### Recorded information
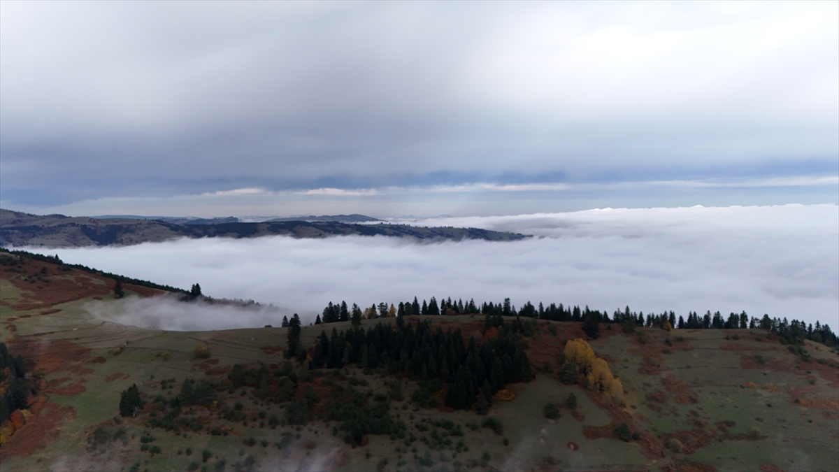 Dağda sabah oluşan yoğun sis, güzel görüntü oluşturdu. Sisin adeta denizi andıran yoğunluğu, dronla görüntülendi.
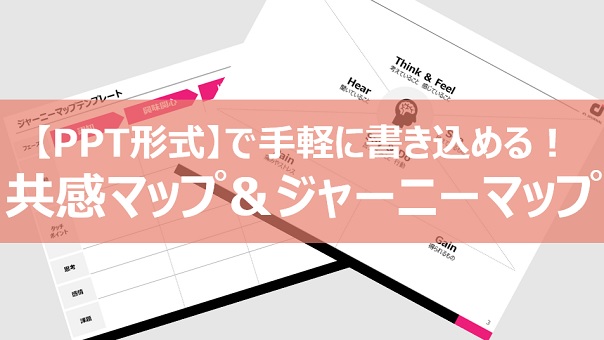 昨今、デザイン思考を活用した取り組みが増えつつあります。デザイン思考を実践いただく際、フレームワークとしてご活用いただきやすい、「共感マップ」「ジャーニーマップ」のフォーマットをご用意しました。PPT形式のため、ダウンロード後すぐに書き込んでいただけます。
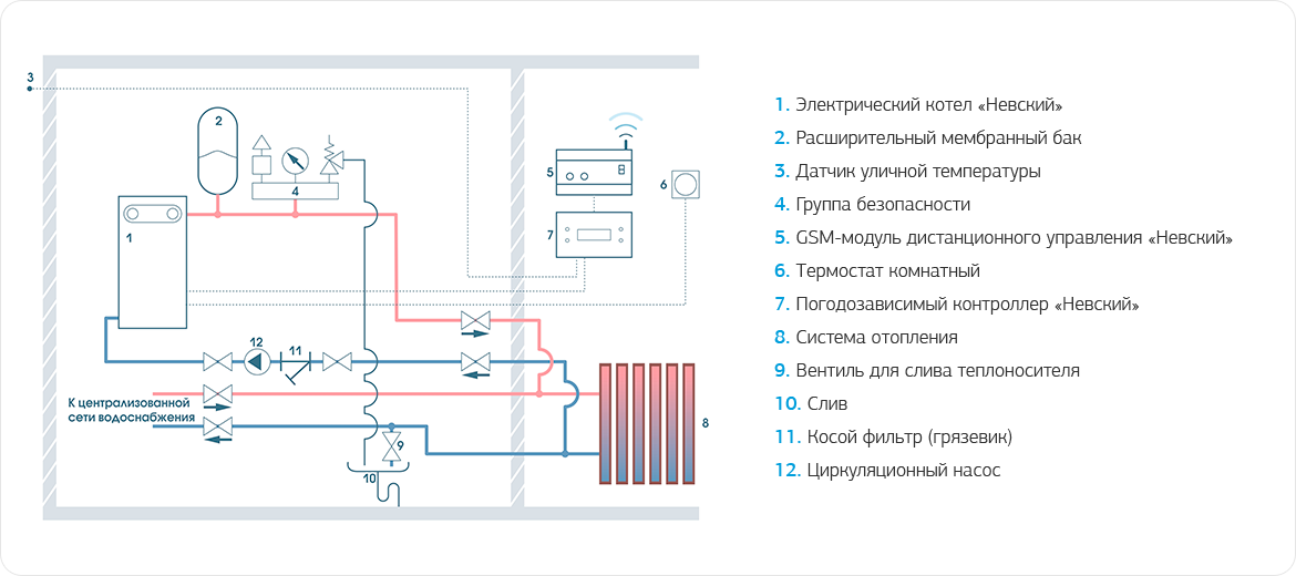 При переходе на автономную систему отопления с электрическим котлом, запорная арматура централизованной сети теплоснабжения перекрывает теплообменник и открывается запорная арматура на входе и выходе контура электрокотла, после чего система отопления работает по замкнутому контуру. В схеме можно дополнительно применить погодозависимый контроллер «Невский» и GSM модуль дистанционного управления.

### Description of the task
Copy out the listing above in full and keep the pictures out.

### Your response
 Dağda sabah oluşan yoğun sis, güzel görüntü oluşturdu. Sisin adeta denizi andıran yoğunluğu, dronla görüntülendi.
 昨今、デザイン思考を活用した取り組みが増えつつあります。デザイン思考を実践いただく際、フレームワークとしてご活用いただきやすい、「共感マップ」「ジャーニーマップ」のフォーマットをご用意しました。PPT形式のため、ダウンロード後すぐに書き込んでいただけます。
 При переходе на автономную систему отопления с электрическим котлом, запорная арматура централизованной сети теплоснабжения перекрывает теплообменник и открывается запорная арматура на входе и выходе контура электрокотла, после чего система отопления работает по замкнутому контуру. В схеме можно дополнительно применить погодозависимый контроллер «Невский» и GSM модуль дистанционного управления.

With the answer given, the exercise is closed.